As some of you may have seen, the government has just announced £14.4bn more funding for schools.
As always the devil is in the detail, but right now, we should pause for a moment to recognise that, on the face of it, this is a substantial injection of cash, which, over three years, could make a real difference.
It is also right to acknowledge that this announcement hasn’t come out of nowhere. The funding announced today is a result of the high-profile campaign that NAHT has run alongside its members starting five years ago; and through our petitions, press releases, demonstrations, lobbying, pledges and negotiations, we have made sure that the argument for more school funding has stayed at the top of the government’s agenda
We’re not naïve, and school leaders have become accustomed to being disappointed on this issue. For that reason, my press statement, which you can read here, offers a cautious welcome as to what’s been announced.
You can also read the government’s statement in full here and make up your own mind about what they have said about the funding.
Naturally further analysis is needed, and we will be doing plenty of work on that now to make sure that what’s been announced meets the needs of all pupils in all schools, not only in England but in Wales and Northern Ireland too.

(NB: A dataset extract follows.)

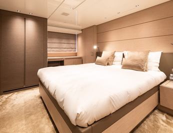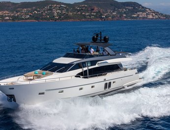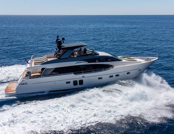 This Luxurious Sanlorenzo measuring 25m is a Private Motor Yacht available for Charter on the French Riviera. Its unique interior creates a spacious and modern look with its beautiful large windows that allow you to take in the stunning sea views of the Mediterranean. This Opulent Motor Yacht features 4 cabins, a living area, kitchen, and a large sundeck outdoor space equipped with sun loungers.
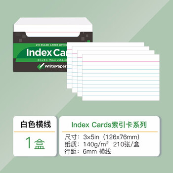 产品名称:凯萨美式索引卡办公分类卡片纸 白色横线 产品货号:KS-5255 产品规格:210张/盒 产品尺寸:126mm*76mm*35mm

Keep an eye on your inbox over the following days for our additional commentary.
Keeping those reservations and a good dose of healthy scepticism firmly in mind, one thing is beyond dispute; the government has finally acknowledged that it takes a multi-billion-pound investment from the Treasury to repair the damage of the devastating cuts we’ve seen since 2010.
We have unequivocally won the argument for more school and college funding. And that’s because of what we’ve done together.
To that end, I’d like to take this opportunity to thank every NAHT member who has been active in our campaign. We’ve drawn together the biggest coalition of school leaders, governors, parents and other unions to make the case for proper investment in our children’s futures.
What we need to do now is make sure that the substance matches the government’s headlines.
I will be speaking to the Secretary of State for Education in the coming days, to seek further assurances from him, and will, of course, apprise you of any significant details that I’m able to ascertain.